• _WHAT NEEDS TO BE DONE_
Go to the line with "Tokoh ulama Islam" in the entries below and write out every line from there through the line with "A classic black", exactly and without pictures.
***** SUPPLIED DATA
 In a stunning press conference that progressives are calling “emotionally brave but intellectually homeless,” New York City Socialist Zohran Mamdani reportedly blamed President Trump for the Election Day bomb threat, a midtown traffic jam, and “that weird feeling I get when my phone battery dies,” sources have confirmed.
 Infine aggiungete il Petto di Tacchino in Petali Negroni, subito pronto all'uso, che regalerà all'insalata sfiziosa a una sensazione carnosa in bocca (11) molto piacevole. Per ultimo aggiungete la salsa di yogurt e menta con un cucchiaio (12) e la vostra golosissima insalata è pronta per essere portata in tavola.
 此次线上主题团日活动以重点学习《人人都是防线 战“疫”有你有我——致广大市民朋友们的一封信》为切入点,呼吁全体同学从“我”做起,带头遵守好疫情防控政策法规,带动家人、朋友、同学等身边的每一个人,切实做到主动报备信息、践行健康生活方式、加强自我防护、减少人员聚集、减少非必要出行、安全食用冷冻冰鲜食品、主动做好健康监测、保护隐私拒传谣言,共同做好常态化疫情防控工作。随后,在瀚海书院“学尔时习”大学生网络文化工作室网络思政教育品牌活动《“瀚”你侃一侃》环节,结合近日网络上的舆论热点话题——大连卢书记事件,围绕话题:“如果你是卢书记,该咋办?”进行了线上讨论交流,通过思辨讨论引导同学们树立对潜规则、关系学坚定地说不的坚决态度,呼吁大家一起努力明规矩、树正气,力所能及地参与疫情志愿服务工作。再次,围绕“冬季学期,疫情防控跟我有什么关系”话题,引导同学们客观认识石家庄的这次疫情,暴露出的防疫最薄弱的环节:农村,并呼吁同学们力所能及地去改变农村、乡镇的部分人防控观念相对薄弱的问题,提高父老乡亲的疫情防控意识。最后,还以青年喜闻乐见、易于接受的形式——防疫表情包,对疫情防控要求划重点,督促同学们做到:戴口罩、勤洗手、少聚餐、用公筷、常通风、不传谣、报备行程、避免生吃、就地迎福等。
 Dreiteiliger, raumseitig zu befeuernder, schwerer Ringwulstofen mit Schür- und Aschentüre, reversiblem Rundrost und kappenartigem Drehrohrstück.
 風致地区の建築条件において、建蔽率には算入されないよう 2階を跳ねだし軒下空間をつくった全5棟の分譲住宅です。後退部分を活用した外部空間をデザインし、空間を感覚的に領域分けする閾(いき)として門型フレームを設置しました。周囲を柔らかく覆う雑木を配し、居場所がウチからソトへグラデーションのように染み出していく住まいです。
**********
***** SUPPLIED DATA
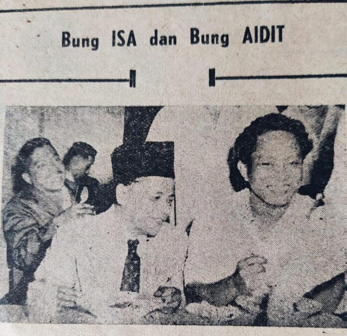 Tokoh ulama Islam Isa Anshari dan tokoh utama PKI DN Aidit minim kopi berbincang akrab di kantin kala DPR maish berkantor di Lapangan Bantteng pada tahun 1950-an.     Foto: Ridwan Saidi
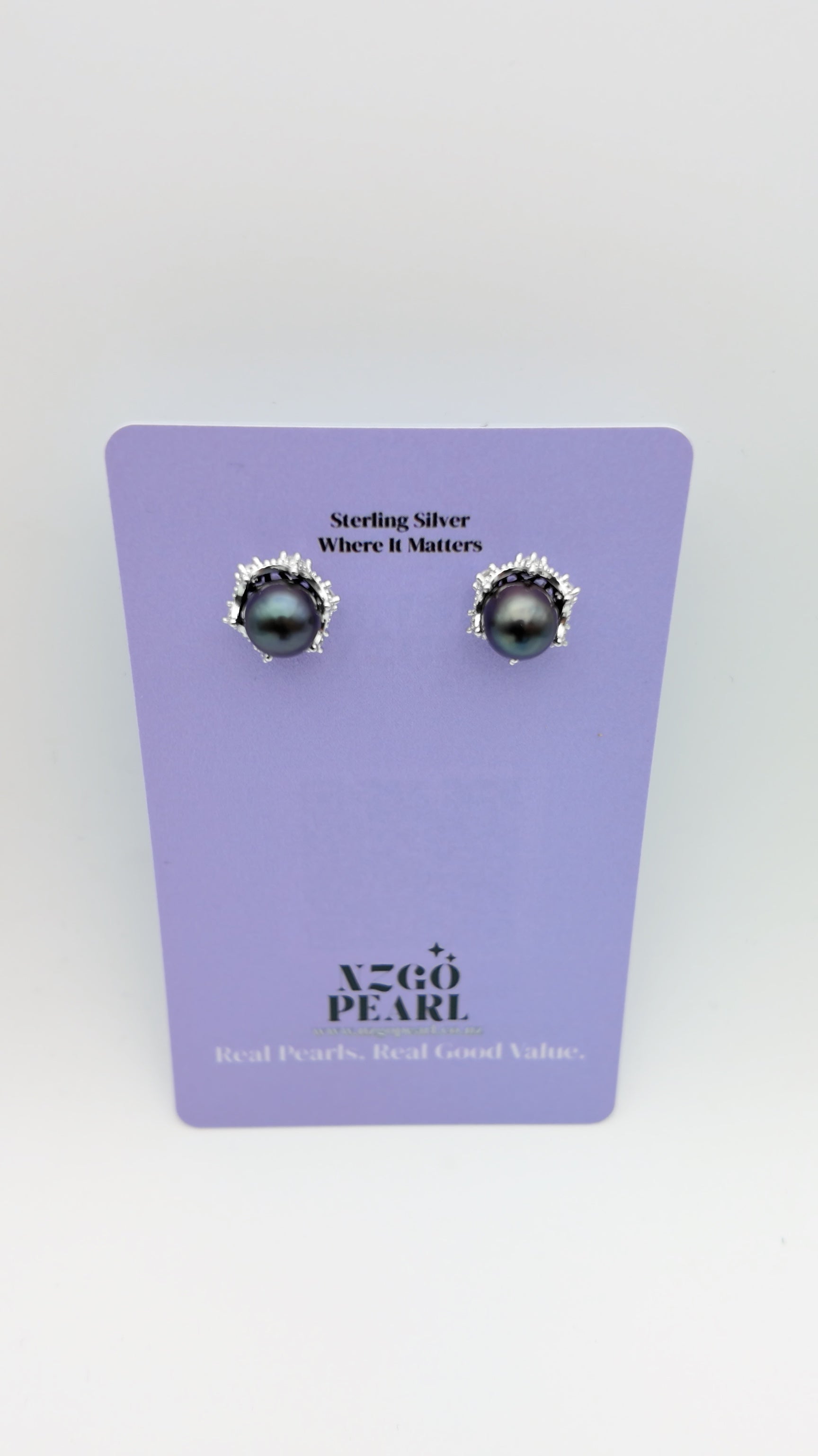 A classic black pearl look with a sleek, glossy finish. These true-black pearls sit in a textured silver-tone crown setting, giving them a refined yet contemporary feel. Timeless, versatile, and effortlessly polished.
**********
• _RESPONSE_
 Tokoh ulama Islam Isa Anshari dan tokoh utama PKI DN Aidit minim kopi berbincang akrab di kantin kala DPR maish berkantor di Lapangan Bantteng pada tahun 1950-an.     Foto: Ridwan Saidi
 A classic black pearl look with a sleek, glossy finish. These true-black pearls sit in a textured silver-tone crown setting, giving them a refined yet contemporary feel. Timeless, versatile, and effortlessly polished.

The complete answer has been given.